I think that’s the wrong way to look at this series. I don’t see this show as having a pedagogic intent, that is, it’s not about providing teaching moments or insights into the thought processes of visitors to historic sites and their notions of slavery. It’s just a comedy show. I don’t hold this show accountable for addressing the issues that Mr. Levin suggests. In the same way, I don’t hold Saturday Night Live’s news segment accountable for thoughtful and nuanced information about current events. I just hope they’ll be funny.
Having said that: the creative team does have a challenge to face. Their job is to get the history right – they can’t make fun of the kinds of questions they’re getting, if they get the history wrong in the answers they give. I hope they understand that they have this responsibility, and I hope they deal with it in a righteous manner.

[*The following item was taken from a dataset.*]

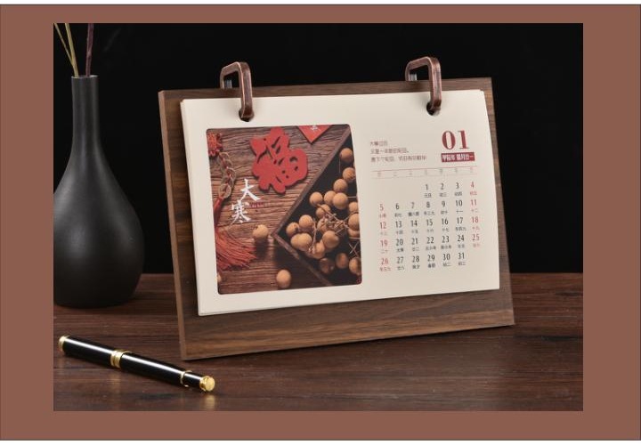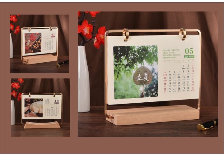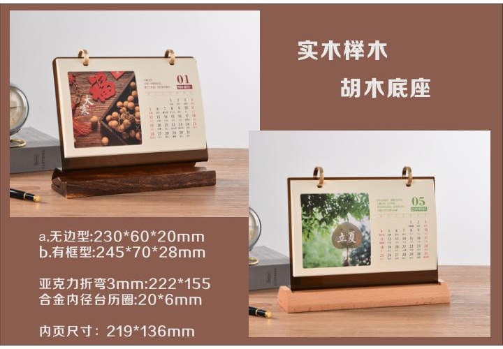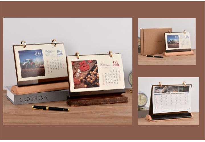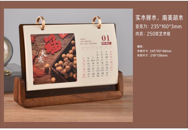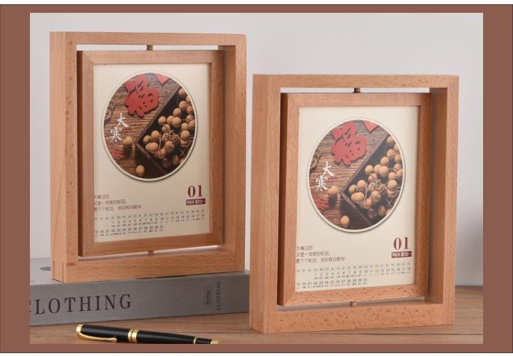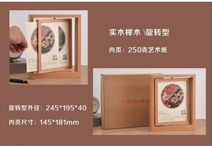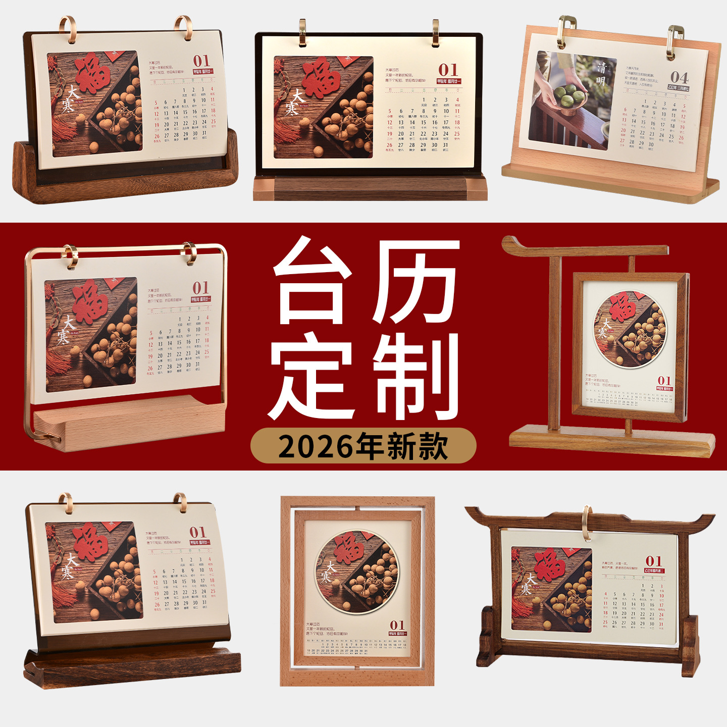2026中式国风旋转台历定制相框高端日历面精美摆件可印刷定做LOGO

In late August of 1863, Abraham Lincoln wrote a letter to fellow Illinois Republican James Conkling which contained his thoughts on various subjects, most prominently, the Emancipation Proclamation. The letter has drawn much interest from historians. Louis Masur provides comments at the New York Time’s Disunion blog, and Brooks Simpson has comments here and here. At the second link from Simpson, he opines as to the most powerful part of the letter.
To me, the most salient passage of the Conkling letter is this:
But negroes, like other people, act upon motives. Why should they do any thing for us, if we will do nothing for them? If they stake their lives for us, they must be prompted by the strongest motive–even the promise of freedom. And the promise being made, must be kept.

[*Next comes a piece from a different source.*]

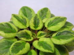 Bouquet of lots of deep orchid-mauve sdbl. pansies atop very rare, euonymous-like green and gold variegation impervious to heat or age. Miniature chimera. AVSA #9293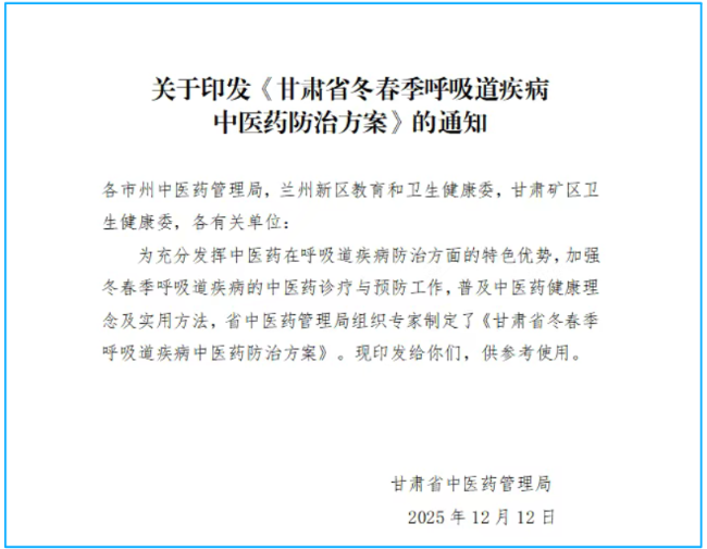 面对H3N2流感的流行,无需过度恐慌,遵循“预防为先、对症治疗、科学养护”的原则,就能有效降低感染风险、减轻病情影响。甘肃省印发的《冬春季呼吸道疾病中医药防治方案》提供了全周期的中医防护指南,而连花清瘟等对症药物则为流感治疗提供了可靠选择。在流感高发季,做好个人防护、掌握科学应对方法,用中医智慧守护全家健康,即可平稳度过冬春季呼吸道疾病流行期。(任雨萌)

There are three things that make this text so notable. First, it explicitly acknowledges the agency of African Americans. Negroes will not do something for nothing; Lincoln recognizes that they must be given good reason to act in favor of the Union. And he feels that if they are given good reason, they will act.
Second, Lincoln is under no illusion that African Americans are fighting for the same thing as white northerners. For African Americans, 90% of whom are enslaved southerners, the idea of preserving the Union – the so-called Union Cause – had limited resonance. A Union preserved with slavery intact was not going to garner the support of the black population. Lincoln understood that the price of black support was the promise of freedom; nothing else would do.
And finally, Lincoln characterizes the Proclamation as, essentially, a transaction. The Union is making a deal with African Americans: it promises freedom to the Negro, in exchange for the Negro’s support in destroying the Confederate regime. And Lincoln says emphatically: we will keep this promise.
And of course, all Lincoln could do is promise freedom. He was the president of the United States, not the Confederate States. The Proclamation infuriated Confederate slaveholders, but it had no legal power over them. It could not compel enslavers to free the enslaved; only a military victory by the Union could provide such compulsion.
As we know, both parties to the deal kept up their side of the bargain. Over 200,000 African Americans served in the Union military. And thousands of black civilians acted as spies, scouts, laborers, servants, and otherwise helped the Union military. African Americans were an integral part of the Union war effort that defeated the Confederate States.
And the United States abided by the deal with the passage of the 13th Amendment, which abolished slavery everywhere in the United States. On a de jure basis at least, the enslaved were forever free.
Sadly, when I talk to people about the Emancipation Proclamation, they have the notion that the Proclamation, in and of itself, ended slavery. It’s as if Lincoln was god-like; he gave the word, the word was made flesh, and freedom rang throughout the land. But as Lincoln himself suggests, it was nowhere near that simple.